WORK INSTRUCTION
Search the records below for the string "thành", and report each line that contains it.

MATERIAL TO PROCESS
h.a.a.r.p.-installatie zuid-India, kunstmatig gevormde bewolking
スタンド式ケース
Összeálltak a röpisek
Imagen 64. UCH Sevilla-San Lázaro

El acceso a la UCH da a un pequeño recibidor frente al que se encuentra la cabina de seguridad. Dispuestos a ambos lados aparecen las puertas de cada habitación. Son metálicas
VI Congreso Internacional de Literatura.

...

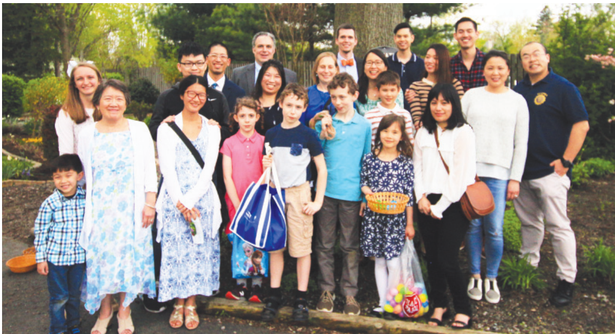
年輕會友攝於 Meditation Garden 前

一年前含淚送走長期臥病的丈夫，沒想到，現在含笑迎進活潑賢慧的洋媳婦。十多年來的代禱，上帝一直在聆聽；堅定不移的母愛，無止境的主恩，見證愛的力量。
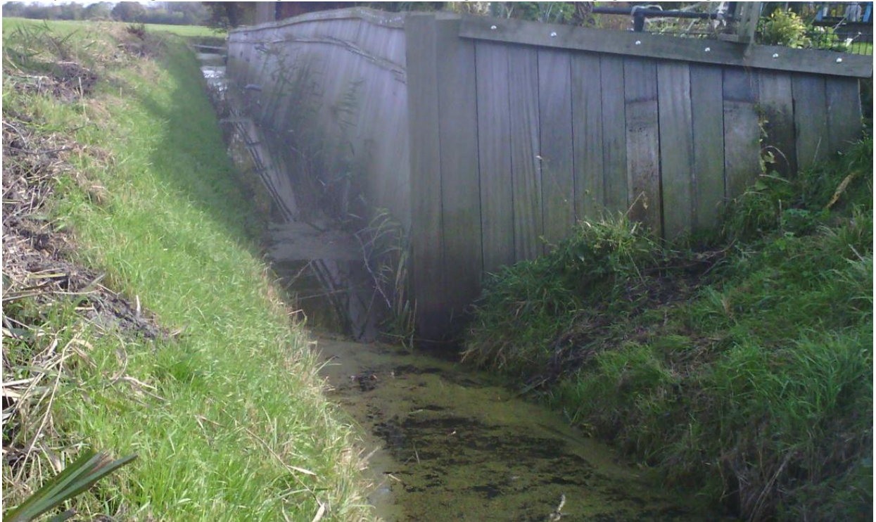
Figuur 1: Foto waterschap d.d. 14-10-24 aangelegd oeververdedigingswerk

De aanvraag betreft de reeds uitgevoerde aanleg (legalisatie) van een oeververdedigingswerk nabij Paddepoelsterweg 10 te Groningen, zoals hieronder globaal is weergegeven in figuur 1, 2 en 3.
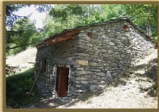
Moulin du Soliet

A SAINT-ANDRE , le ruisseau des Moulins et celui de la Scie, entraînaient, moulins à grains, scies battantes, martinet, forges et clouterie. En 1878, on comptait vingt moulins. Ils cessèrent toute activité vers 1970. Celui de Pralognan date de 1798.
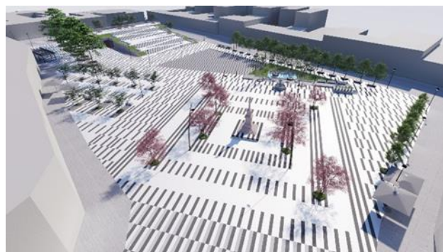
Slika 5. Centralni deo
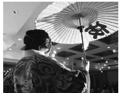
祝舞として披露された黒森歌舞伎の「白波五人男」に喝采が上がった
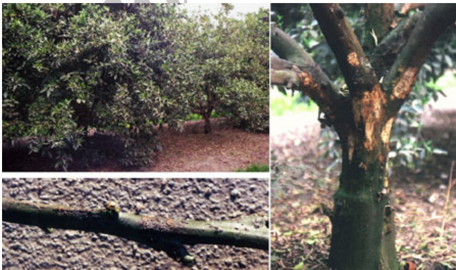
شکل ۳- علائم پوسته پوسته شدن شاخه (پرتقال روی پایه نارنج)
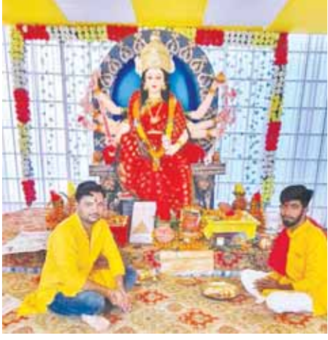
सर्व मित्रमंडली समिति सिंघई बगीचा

* * *

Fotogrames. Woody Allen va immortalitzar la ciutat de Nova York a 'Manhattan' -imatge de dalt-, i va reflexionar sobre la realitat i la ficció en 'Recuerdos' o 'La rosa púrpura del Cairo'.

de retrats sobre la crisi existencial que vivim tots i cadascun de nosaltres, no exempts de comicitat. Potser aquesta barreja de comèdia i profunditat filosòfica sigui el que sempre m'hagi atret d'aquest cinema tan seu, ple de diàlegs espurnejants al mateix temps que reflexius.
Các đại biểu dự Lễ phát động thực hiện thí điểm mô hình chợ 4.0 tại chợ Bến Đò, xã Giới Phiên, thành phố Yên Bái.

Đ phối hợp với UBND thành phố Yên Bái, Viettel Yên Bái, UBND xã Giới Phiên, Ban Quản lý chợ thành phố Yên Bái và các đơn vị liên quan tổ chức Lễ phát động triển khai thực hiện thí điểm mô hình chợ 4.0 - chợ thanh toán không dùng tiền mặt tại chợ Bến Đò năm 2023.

ANSWER FOR THE TASK
Các đại biểu dự Lễ phát động thực hiện thí điểm mô hình chợ 4.0 tại chợ Bến Đò, xã Giới Phiên, thành phố Yên Bái.
Đ phối hợp với UBND thành phố Yên Bái, Viettel Yên Bái, UBND xã Giới Phiên, Ban Quản lý chợ thành phố Yên Bái và các đơn vị liên quan tổ chức Lễ phát động triển khai thực hiện thí điểm mô hình chợ 4.0 - chợ thanh toán không dùng tiền mặt tại chợ Bến Đò năm 2023.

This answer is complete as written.